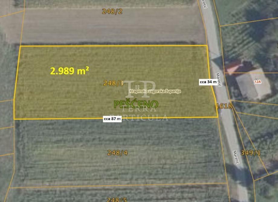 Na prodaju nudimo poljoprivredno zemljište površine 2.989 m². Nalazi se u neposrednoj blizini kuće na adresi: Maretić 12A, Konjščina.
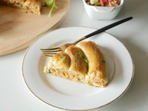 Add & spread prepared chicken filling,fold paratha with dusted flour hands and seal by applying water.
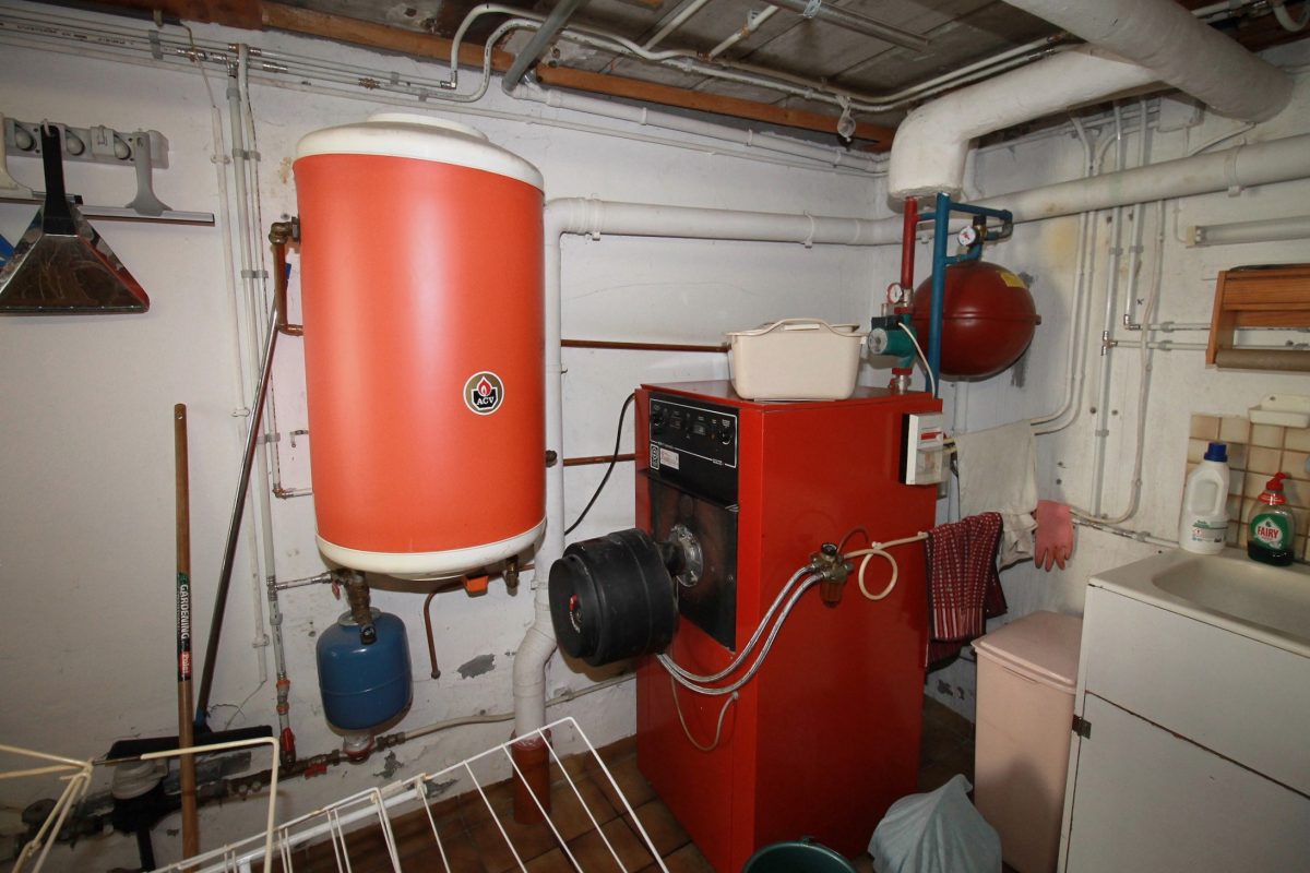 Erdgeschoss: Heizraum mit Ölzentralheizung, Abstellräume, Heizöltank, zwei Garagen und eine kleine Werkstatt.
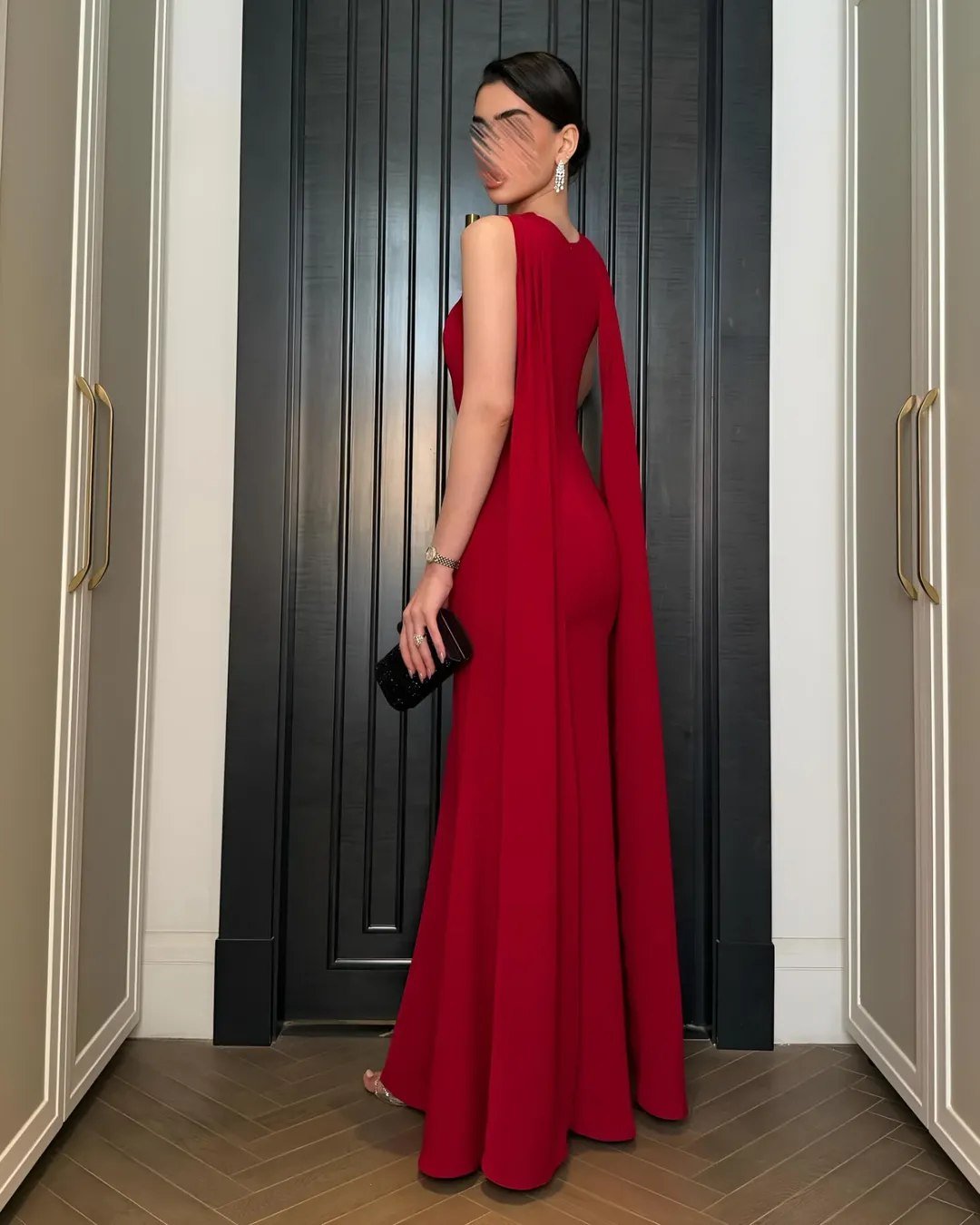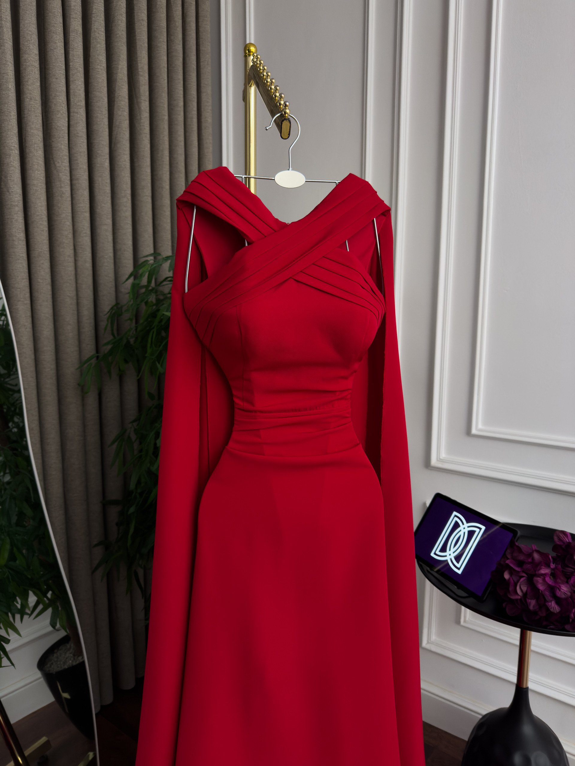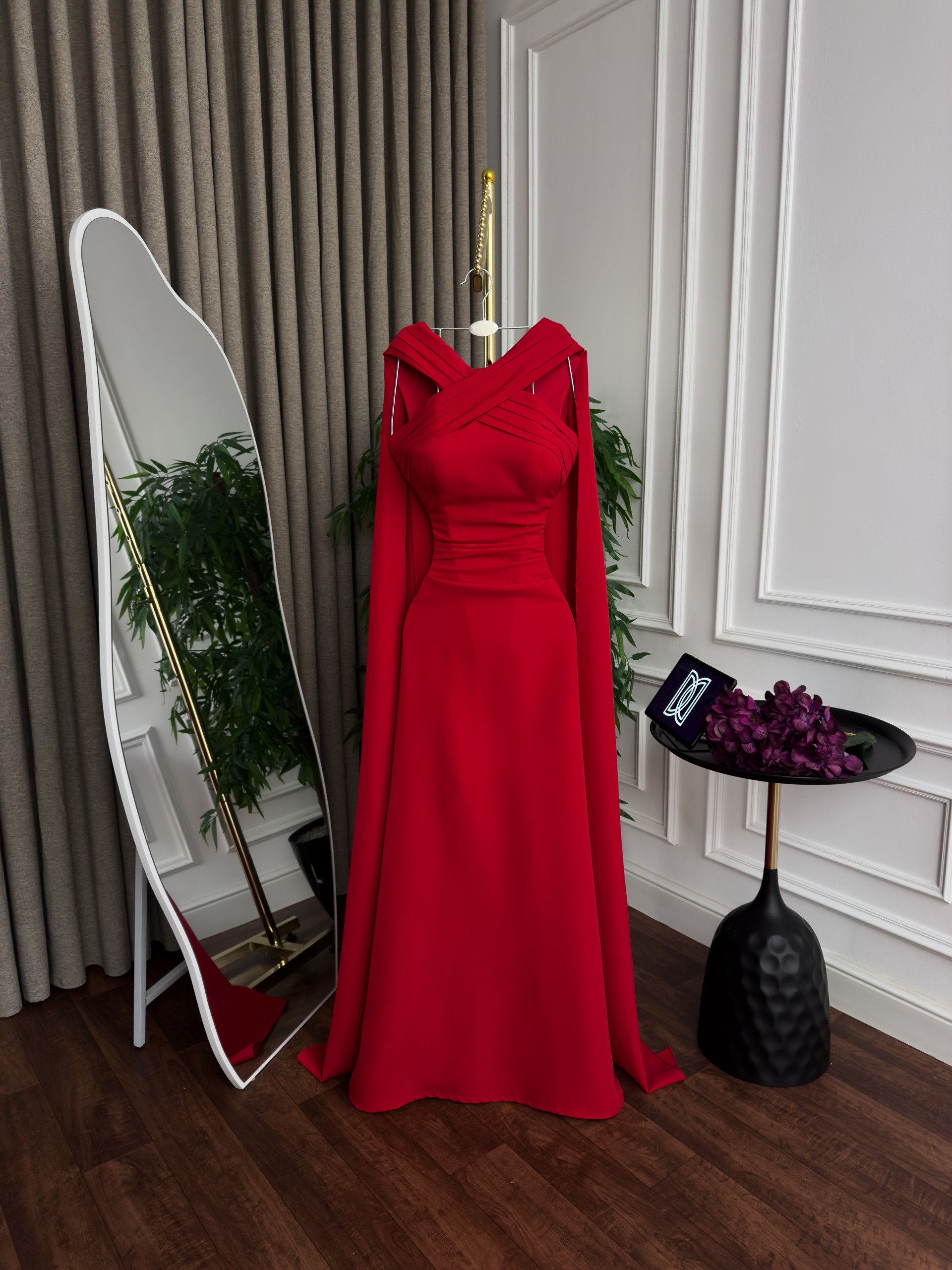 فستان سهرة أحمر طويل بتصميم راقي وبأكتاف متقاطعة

...

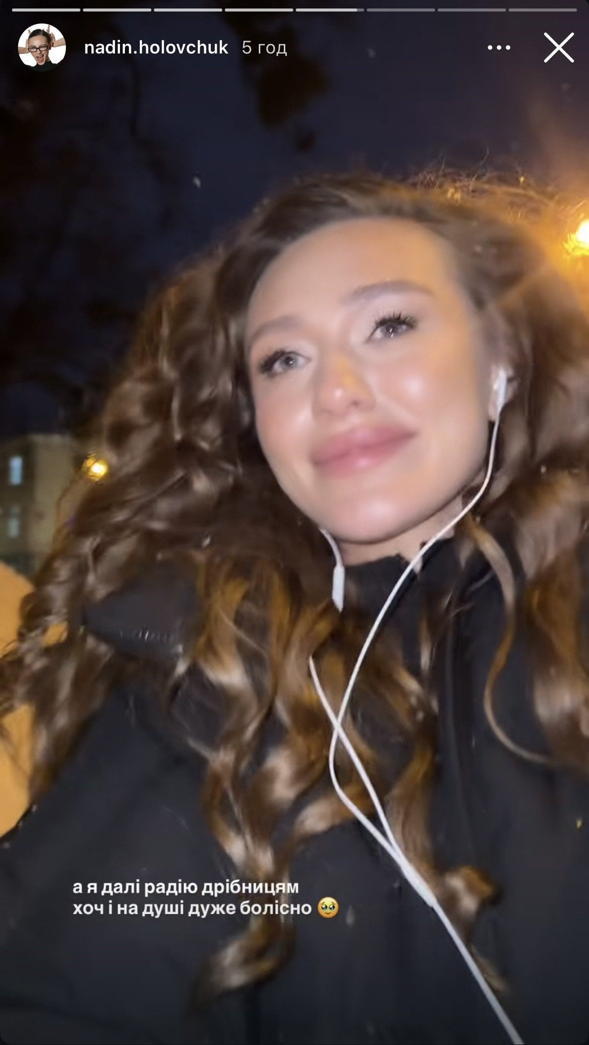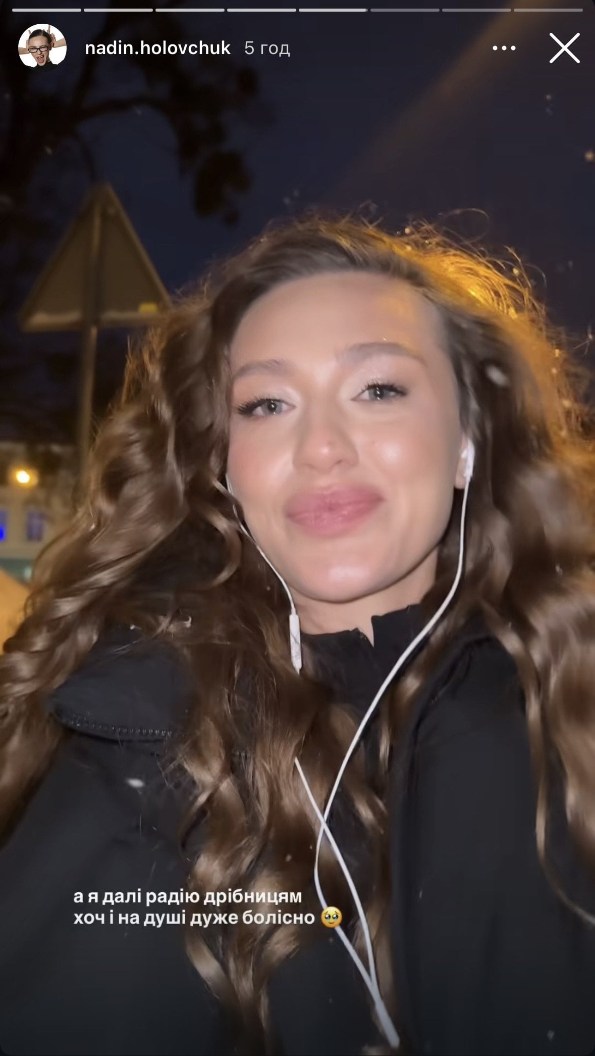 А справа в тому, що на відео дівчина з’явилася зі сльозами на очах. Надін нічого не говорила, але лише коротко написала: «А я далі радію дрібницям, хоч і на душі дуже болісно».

* * *

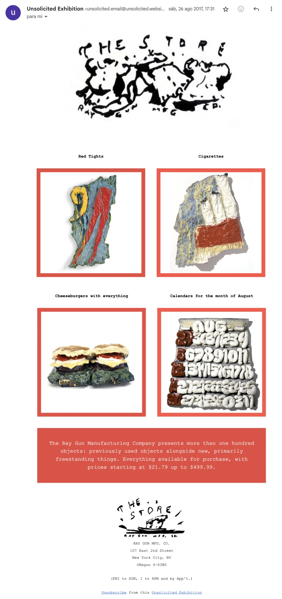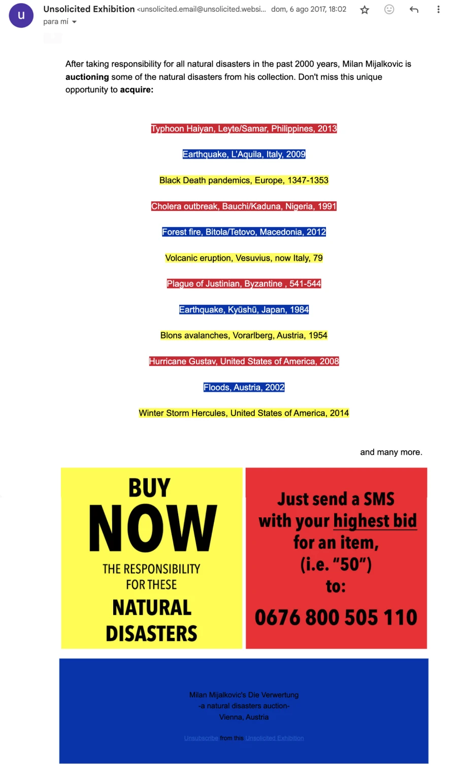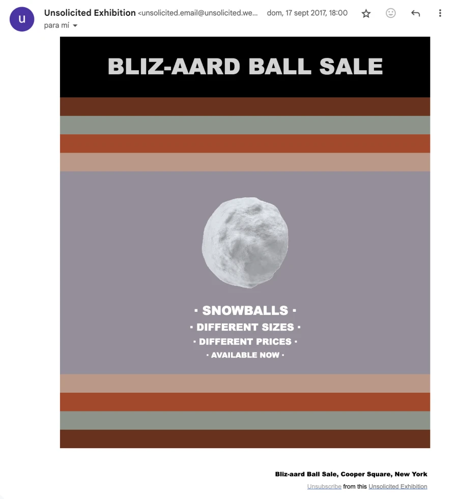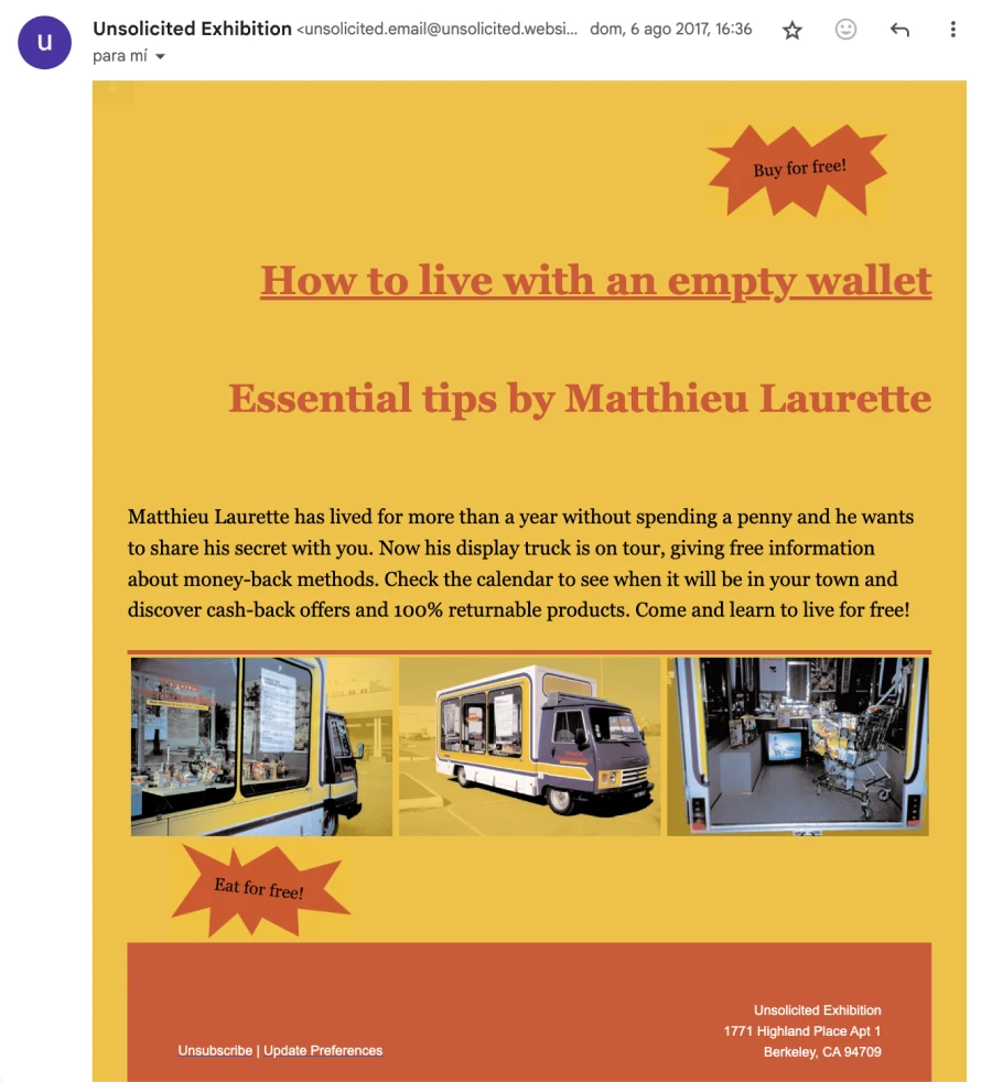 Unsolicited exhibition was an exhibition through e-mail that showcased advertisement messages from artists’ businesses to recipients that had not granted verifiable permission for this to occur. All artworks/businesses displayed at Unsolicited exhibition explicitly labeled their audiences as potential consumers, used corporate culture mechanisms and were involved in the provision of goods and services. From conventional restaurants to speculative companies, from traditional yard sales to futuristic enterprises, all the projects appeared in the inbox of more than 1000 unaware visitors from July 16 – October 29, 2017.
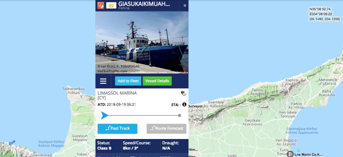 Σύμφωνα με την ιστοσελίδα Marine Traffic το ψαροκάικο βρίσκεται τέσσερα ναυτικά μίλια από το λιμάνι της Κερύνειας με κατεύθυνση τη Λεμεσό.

EXERCISE
Output exactly the lines above that lie between the line with "Na prodaju nudimo" and the line with "فستان سهرة أحمر", those two lines included, and no pictures.

EXERCISE SOLUTION
 Na prodaju nudimo poljoprivredno zemljište površine 2.989 m². Nalazi se u neposrednoj blizini kuće na adresi: Maretić 12A, Konjščina.
 Add & spread prepared chicken filling,fold paratha with dusted flour hands and seal by applying water.
 Erdgeschoss: Heizraum mit Ölzentralheizung, Abstellräume, Heizöltank, zwei Garagen und eine kleine Werkstatt.
 فستان سهرة أحمر طويل بتصميم راقي وبأكتاف متقاطعة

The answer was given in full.